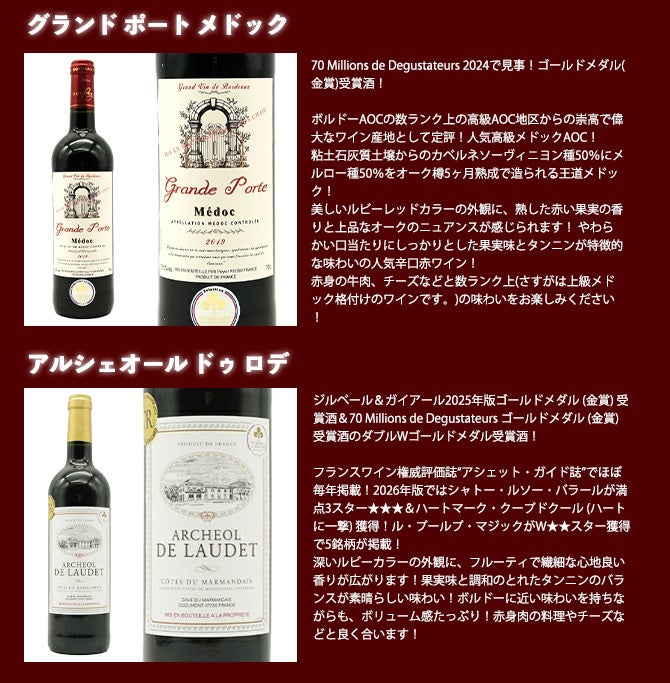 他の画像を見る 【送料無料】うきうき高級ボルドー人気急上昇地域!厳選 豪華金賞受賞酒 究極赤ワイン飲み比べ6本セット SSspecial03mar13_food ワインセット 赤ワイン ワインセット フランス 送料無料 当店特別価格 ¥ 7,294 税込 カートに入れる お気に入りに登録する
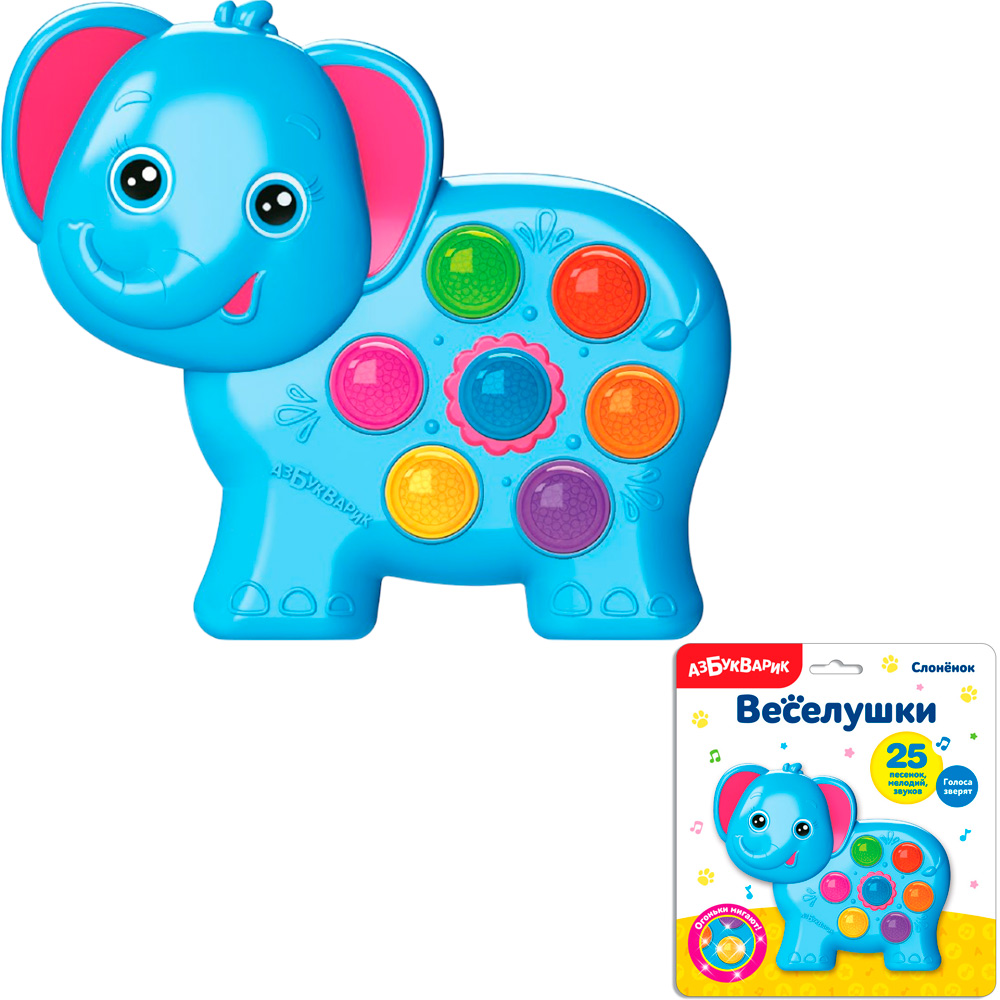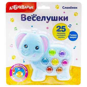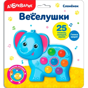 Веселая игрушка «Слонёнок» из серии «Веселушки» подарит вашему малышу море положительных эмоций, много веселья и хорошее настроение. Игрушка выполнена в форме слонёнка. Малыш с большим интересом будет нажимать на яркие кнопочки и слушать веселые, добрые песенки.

++++++++++++++++++++

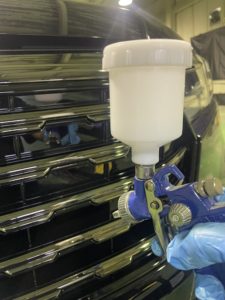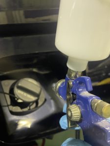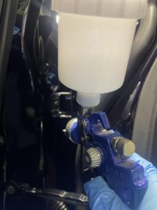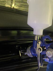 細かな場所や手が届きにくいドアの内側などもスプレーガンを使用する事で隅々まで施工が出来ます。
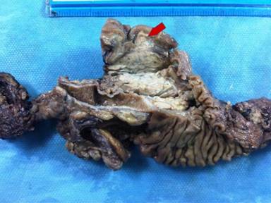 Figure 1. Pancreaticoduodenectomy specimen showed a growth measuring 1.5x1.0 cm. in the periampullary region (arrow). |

++++++++++++++++++++

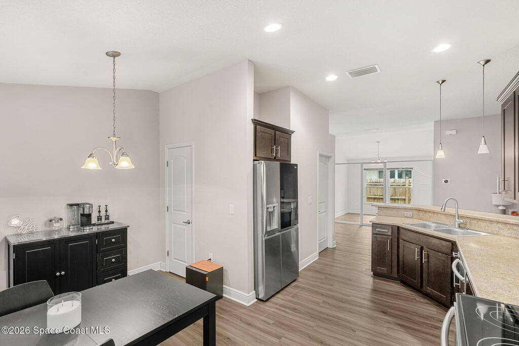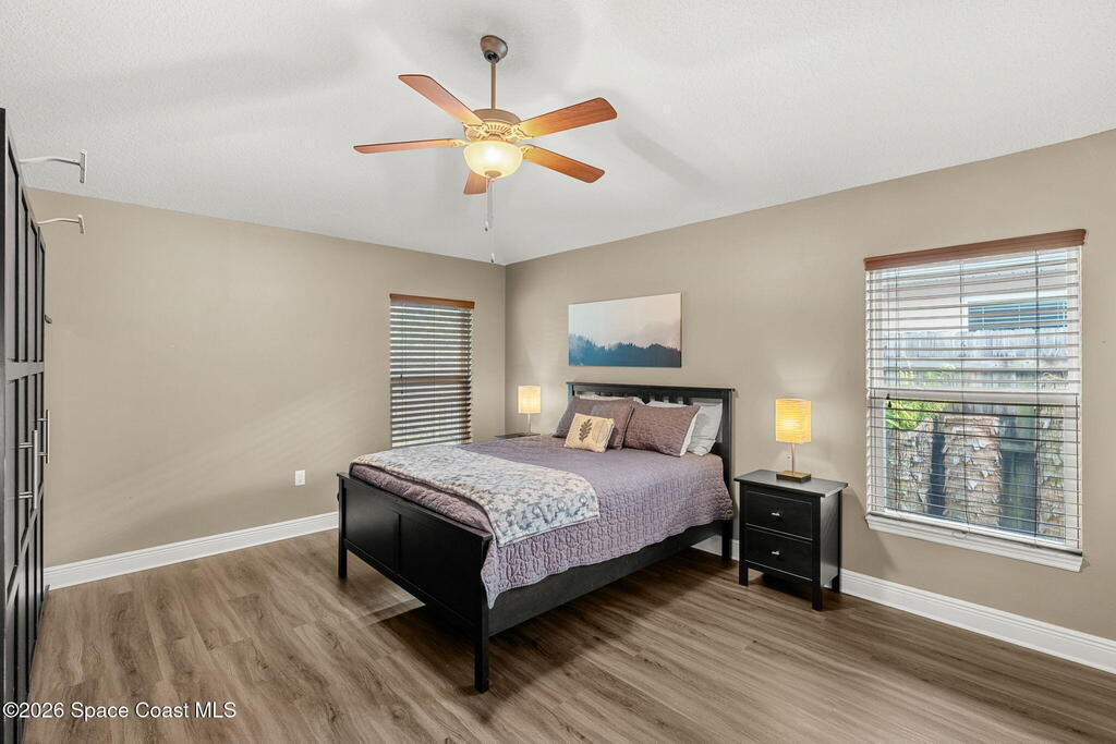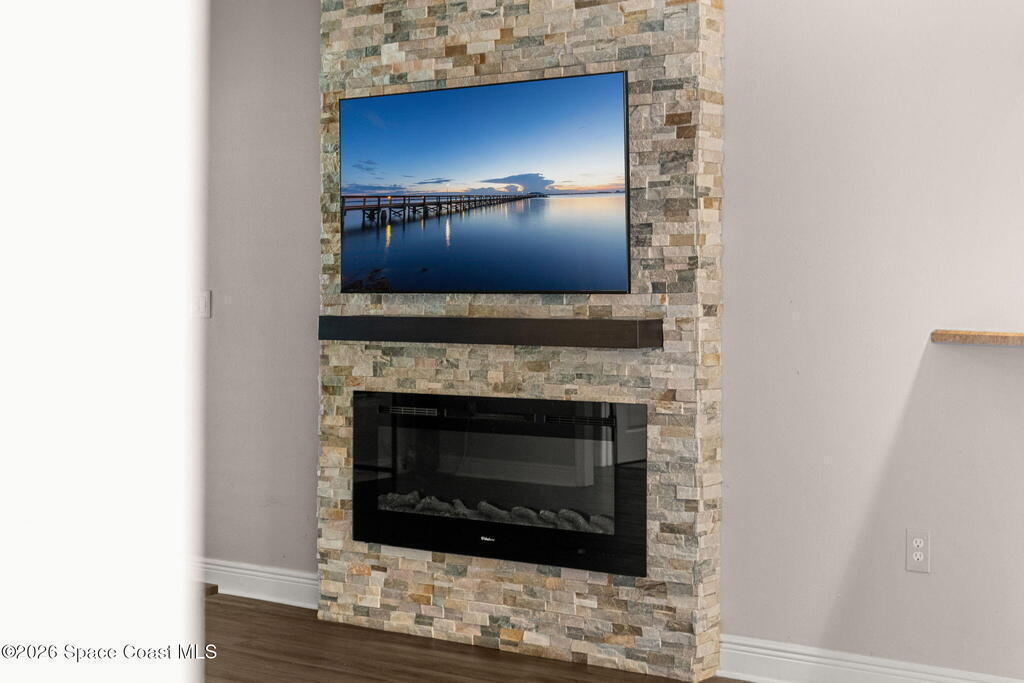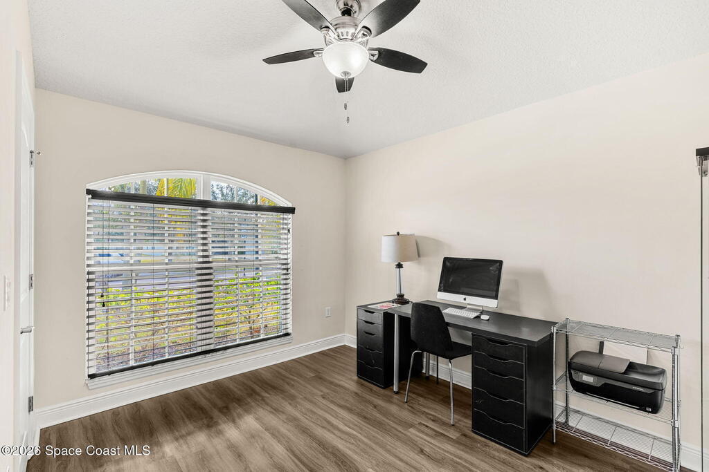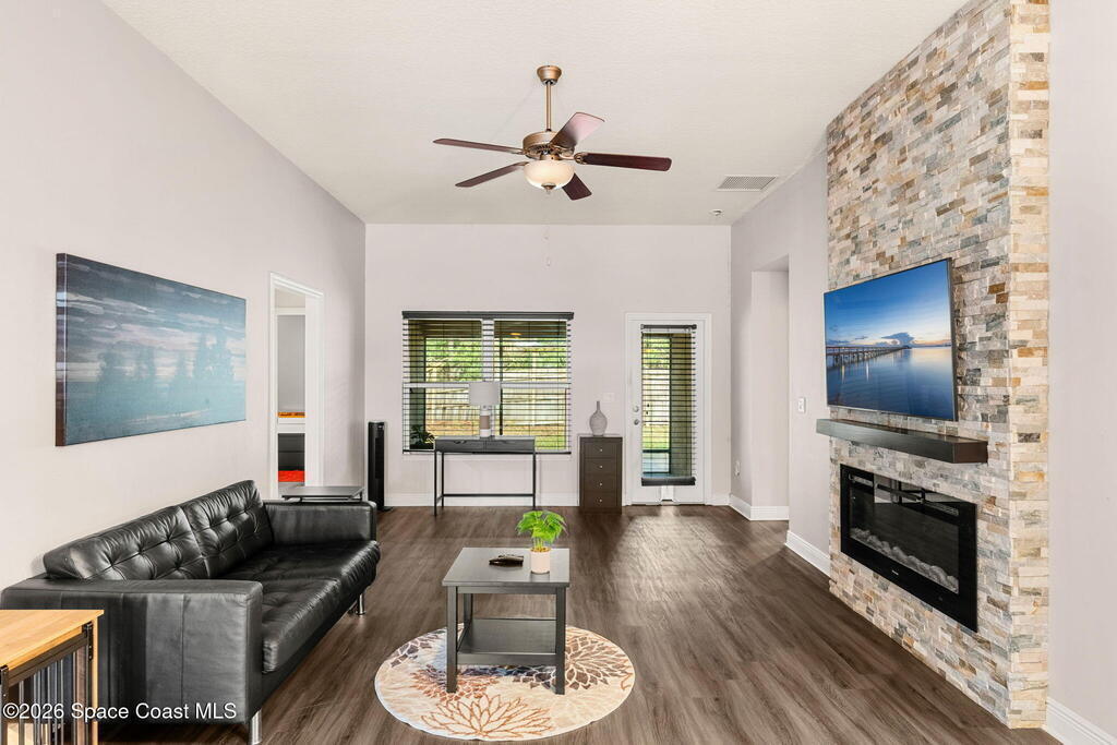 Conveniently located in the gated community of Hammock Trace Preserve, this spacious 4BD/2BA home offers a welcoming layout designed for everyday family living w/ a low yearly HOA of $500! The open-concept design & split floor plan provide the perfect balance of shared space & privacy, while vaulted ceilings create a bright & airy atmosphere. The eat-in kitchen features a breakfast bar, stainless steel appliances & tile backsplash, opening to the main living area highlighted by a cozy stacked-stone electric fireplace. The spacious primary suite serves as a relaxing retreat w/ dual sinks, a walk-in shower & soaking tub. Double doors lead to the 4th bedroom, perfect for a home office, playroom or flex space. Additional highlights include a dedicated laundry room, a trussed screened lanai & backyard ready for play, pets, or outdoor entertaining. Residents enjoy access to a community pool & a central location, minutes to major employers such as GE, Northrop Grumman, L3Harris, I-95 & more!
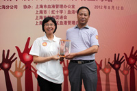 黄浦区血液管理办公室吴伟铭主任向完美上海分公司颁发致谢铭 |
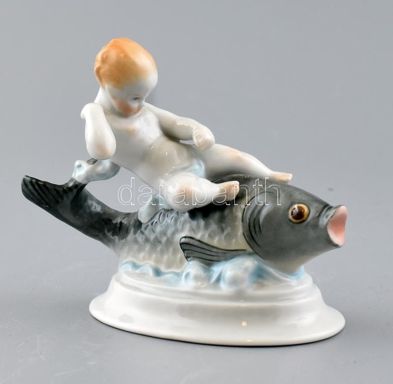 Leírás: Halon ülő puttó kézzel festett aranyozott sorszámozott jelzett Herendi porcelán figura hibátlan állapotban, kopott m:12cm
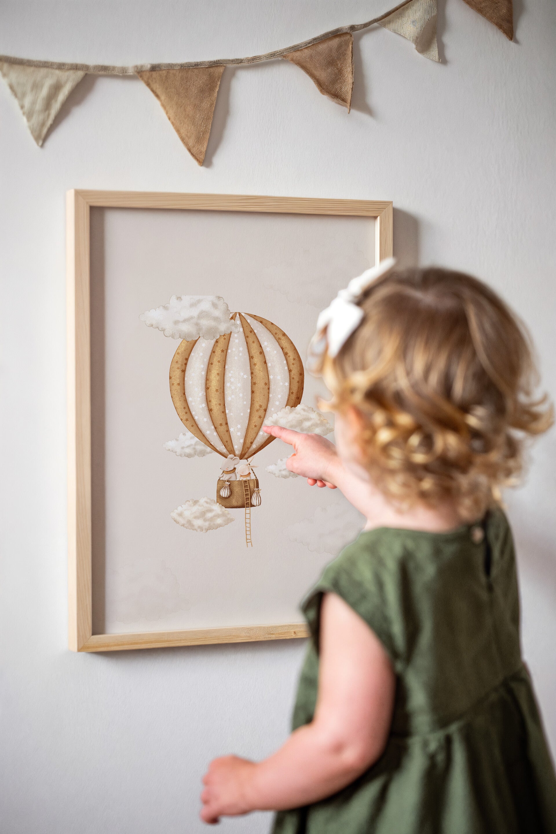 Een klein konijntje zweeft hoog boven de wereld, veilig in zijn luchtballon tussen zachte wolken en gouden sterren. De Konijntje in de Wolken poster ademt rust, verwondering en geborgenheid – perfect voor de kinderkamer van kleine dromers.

++++++++++++++++++++

Problem statement
Only the lines starting at the one that includes "黄浦区血液管理办公室吴伟铭主任向完美上海分公司颁发致谢铭 |" and ending at the one that includes "Een klein konijntje" should be retyped, exactly, from the records above; no pictures.

Solution for this exercise
 黄浦区血液管理办公室吴伟铭主任向完美上海分公司颁发致谢铭 |
 Leírás: Halon ülő puttó kézzel festett aranyozott sorszámozott jelzett Herendi porcelán figura hibátlan állapotban, kopott m:12cm
 Een klein konijntje zweeft hoog boven de wereld, veilig in zijn luchtballon tussen zachte wolken en gouden sterren. De Konijntje in de Wolken poster ademt rust, verwondering en geborgenheid – perfect voor de kinderkamer van kleine dromers.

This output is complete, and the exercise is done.